Gesundheitswesen 2017; 79(08/09): 656-804
DOI: 10.1055/s-0037-1605796
Vorträge
Georg Thieme Verlag KG Stuttgart · New York

Accuracy estimation after model selection using bootstrapping: An application to clinical data

J Schöpe
1   Institute for Medical Biometry, Epidemiology and Medical Informatics, Saarland University, Campus Homburg, Homburg
,
A Bekhit
1   Institute for Medical Biometry, Epidemiology and Medical Informatics, Saarland University, Campus Homburg, Homburg
,
G Wagenpfeil
1   Institute for Medical Biometry, Epidemiology and Medical Informatics, Saarland University, Campus Homburg, Homburg
,
A Schneider
2   Institute for General Practice, University Medical Center Klinikum rechts der Isar, TUM, Munich
,
S Wagenpfeil
1   Institute for Medical Biometry, Epidemiology and Medical Informatics, Saarland University, Campus Homburg, Homburg
› Author Affiliations
Further Information

Publication History

Publication Date:
01 September 2017 (online)

 

Background:

Predictive modeling in conjunction with model selection are commonly used in clinical research. However, uncertainty arising from model selection is not incorporated in classical theory of statistical inference. Accounting for model selection in statistical inference, Efron1 recently developed a formula to approximate standard errors of smoothed estimators derived from bagging2. Therefore, the primary aim of this study was to implement and evaluate Efron's approach in R with an application to clinical data.

Methods:

Clinical data was obtained from a previously published study3, which was designed to develop clinical prediction rules for diagnosing asthma in patients suspected of suffering from obstructive respiratory disease.

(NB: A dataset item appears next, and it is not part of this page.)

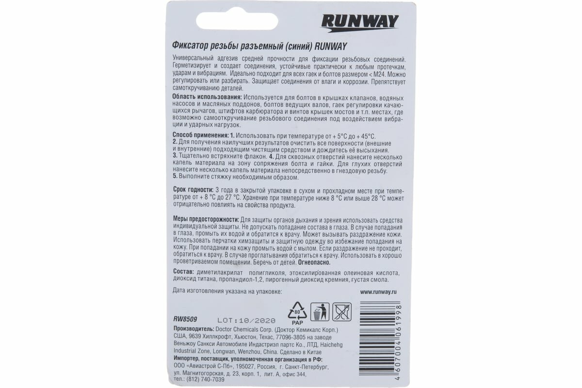 Фиксатор Резьбовых Соединений Съемный (Синий) RUNWAY арт. rw8509 интересное:

Smoothed estimators from non-parametric bootstrap replicates of stepwise fitted binomial logistic regression models and their approximated standard errors using Efron's approach were compared with results obtained from the delta method. Additionally, practical properties in extreme case problems were assessed using results from simulations.

Findings and Discussion:

Findings and possible implications for penalized regression, especially L1-norm regularization, will be discussed.

References:

[1] Efron B. Estimation and accuracy after model selection. Journal of the American Statistical Association. 2014;109: 991 – 1007.

[2] Breiman L. Bagging predictors. Machine Learning. 1996;24: 123 – 140.

[3] Schneider A, Wagenpfeil G, Jörres RA, Wagenpfeil S. Influence of the practice setting on diagnostic prediction rules using FENO measurement in combination with clinical signs and symptoms of asthma. BMJ Open. 2015;5: e009676. doi: 10.1136/bmjopen-2015 – 009676.